Звуки детской скрипки заполнили разом зал. Они были такие не по-детски мощные, что, конечно, легко преодолели Государственную границу СССР – никакие солдаты не смогли их остановить. И уже иностранцы стали останавливаться возле шатенки, недоуменно глядя на крохотную девочку, игравшую Генделя, и на двух солдат, возвышающихся над ней с автоматами на груди.

В это время по радио объявили посадку на рейс номер 228 «Москва – Вена». Стоявшая поодаль, у лестницы, группа эмигрантов подхватила свои сумки, детей и старух и поспешила на посадку. Девочка отняла смычок от скрипки, перестала играть, вопросительно посмотрела на мать.

 

– Играй! – торжествующе сказала шатенка. – Играй, Ася!!!

Но из глубины зала поспешной солдатской походкой уже возвращалась к месту происшествия все та же женщина-капитан. Ее лицо пылало от гнева. Она подошла к шатенке и спросила зажатым голосом, чтобы не слышали иностранцы:

– Это что за концерт?!

– Это не концерт, – громко ответила шатенка. – Это репетиция. У нее режим – она должна каждый день заниматься, сейчас как раз время ее урока.

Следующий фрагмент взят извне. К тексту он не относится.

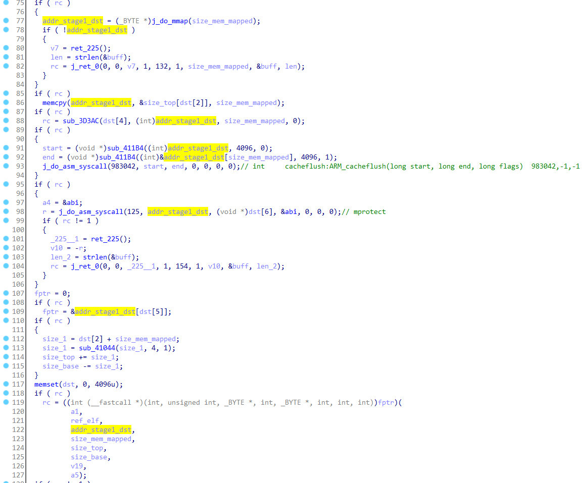 After mmap use the return ptr as STAGE1 baseaddr

Они стояли друг против друга: прямая, как штык, женщина, офицер таможенных войск КГБ в сером кителе с натертыми до блеска пуговицами, и сутулая шатенка в рыжей куртке из кожзаменителя и в стоптанных сапогах. И между ними – пятилетняя девочка с маленькой скрипкой на плече и замершим в воздухе смычком. А они, две взрослые женщины, все смотрели друг другу в глаза – долго, упорно, с ненавистью. Несколько иностранцев стояли в стороне и ждали, чем это закончится.

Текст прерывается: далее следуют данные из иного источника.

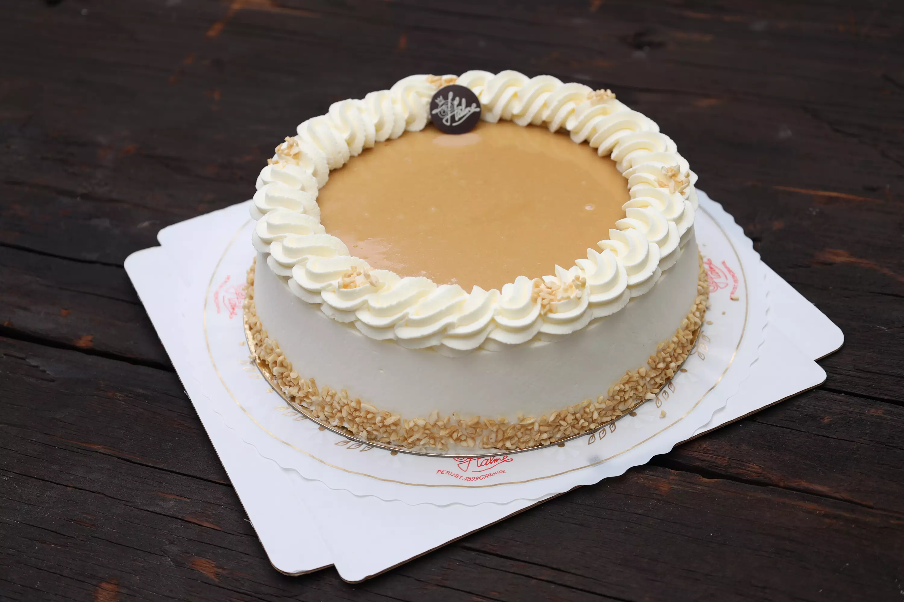 Kinuskivoikreemillä täytetty sokerikakkupohja, kostutettu ananas mehulla. Koristus: Kinuski, kerma ja krokantti.

На часах в зале было 12.20, через двадцать минут мы должны были улететь в эмиграцию, это были наши последние минуты на советской земле.

– Это вам объявили посадку? – спросила у шатенки женщина-капитан.

– Да!

– Вот и летите! Там будете концерты давать.

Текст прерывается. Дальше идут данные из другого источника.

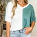 This piece that combines of cozy,casual and stylish vibes is just the thing you need on your casual days. Contrast color element design breaks the simple and dull design style. Finished with short sleeve,v-neck and a loose silhouette,this piece can keep the comfy as well as offer you different matching styles.

– Да! – победно усмехнулась шатенка. – Там будем концерты давать! Для того и летим.

Женщина-капитан ничего ей не ответила. Она взяла у ребенка скрипку и смычок, осмотрела пломбочки на них. Все было в порядке, не придерешься – маленькие свинцовые пломбочки с печатью Министерства культуры СССР висели на тонких стальных проволоках, обжимая гриф скрипки и смычок, как маленькие кандалы. Капитан положила скрипку и смычок в футляр и ушла, бросив взгляд на иностранцев, стоявших рядом.

«Заканчивается посадка в самолет, следующий рейсом номер двести двадцать восемь по маршруту «Москва – Вена», – снова прозвучало по радио.

Боже, подумал каждый из нас, неужели сейчас мы действительно улетим от всего этого? От проверок, досмотров, запретов и фашистских охранников этого коммунистического рая?

Девочка взяла свою скрипку и пошла с матерью к выходу на посадку. Но здесь был затор. Оказывается, наши испытания еще не кончились. Оказывается, даже здесь, в последнюю минуту уже при выходе на посадку, нас подстерегала еще одна ловушка. Таможенники, стоявшие при арке микроволновой проверки на металл, остановили молодую актрису.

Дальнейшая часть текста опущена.